Question

Consider a parallel reaction

$k_1 = ln 81 hr^{-1}m, k_2 = ln27 hr^{-1}$. Find the time (in minutes) when concentrations of P, Q and R become equal.

Answer 1

5.407 minutes

Answer 2

The given reaction is a parallel first-order reaction:

$P \xrightarrow{k_1} Q$

$P \xrightarrow{k_2} R$

The rate constants are given as:

$k_1 = \ln 81 \text{ hr}^{-1}$

$k_2 = \ln 27 \text{ hr}^{-1}$

Let's simplify the rate constants:

$k_1 = \ln (3^4) = 4 \ln 3 \text{ hr}^{-1}$

$k_2 = \ln (3^3) = 3 \ln 3 \text{ hr}^{-1}$

Let $[P]_0$ be the initial concentration of P. We assume the initial concentrations of products Q and R are zero.

For a first-order parallel reaction, the concentration of the reactant P at time t is given by:

$[P]_t = [P]_0 e^{-(k_1 + k_2)t}$

The concentrations of the products Q and R at time t are given by:

$[Q]_t = \frac{k_1}{k_1 + k_2} [P]_0 (1 - e^{-(k_1 + k_2)t})$

$[R]_t = \frac{k_2}{k_1 + k_2} [P]_0 (1 - e^{-(k_1 + k_2)t})$

We are asked to find the time when concentrations of P, Q, and R become equal, i.e., $[P]_t = [Q]_t = [R]_t$.

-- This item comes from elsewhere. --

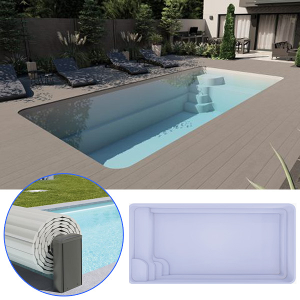 Kompakter und hochwertiger Pool mit modernem Grundriß für nachhaltigen Badespaß.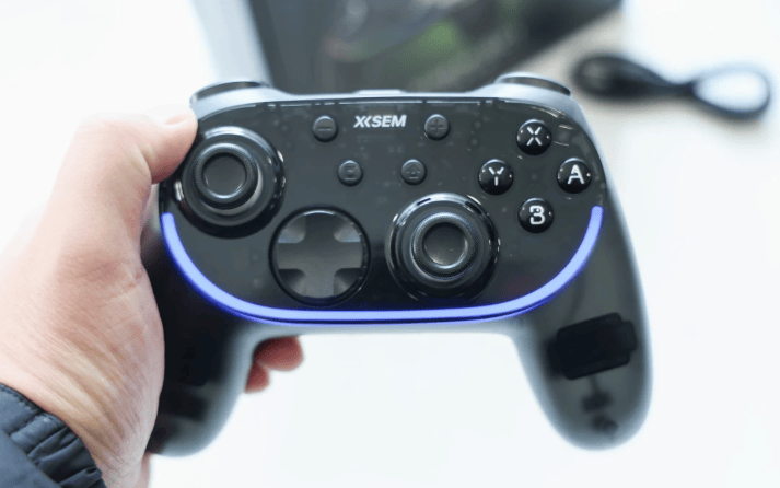 西圣GC1搭载电竞级极速连接引擎,延迟低至0.5ms,支持2.4G、蓝牙及Type-C三模连接,操作几乎无感延迟。原生六轴体感传感器实现旋转、倾斜、挥动等动作的1ms级低延迟精准映射,沉浸式操控体验一触即发。手柄轻量化设计(214g)、握角科学(15°)、NanoSkin亲肤防滑涂层贴合手型,握持稳固舒适;半透明幻雾晶透机身配合RGB炫酷灯效与10种模式,科技质感满分。全平台兼容性极强,Switch、PC、手机均可轻松畅玩,让这款百元级手柄的整体配置和体验在同价位中几乎无敌。

However, for $[Q]_t = [R]_t$ to be true for $t > 0$, it must be that $k_1 = k_2$.

Since $k_1 = 4 \ln 3$ and $k_2 = 3 \ln 3$, we have $k_1 \neq k_2$.

Therefore, $[Q]_t$ can never be equal to $[R]_t$ for $t > 0$. This implies that the condition $[P]_t = [Q]_t = [R]_t$ cannot be satisfied.

In such ambiguous problems in competitive exams, where the literal interpretation is impossible, a common alternative interpretation is that the concentration of the reactant P becomes equal to the total concentration of the products (Q and R).

This means we are looking for the time when $[P]_t = [Q]_t + [R]_t$.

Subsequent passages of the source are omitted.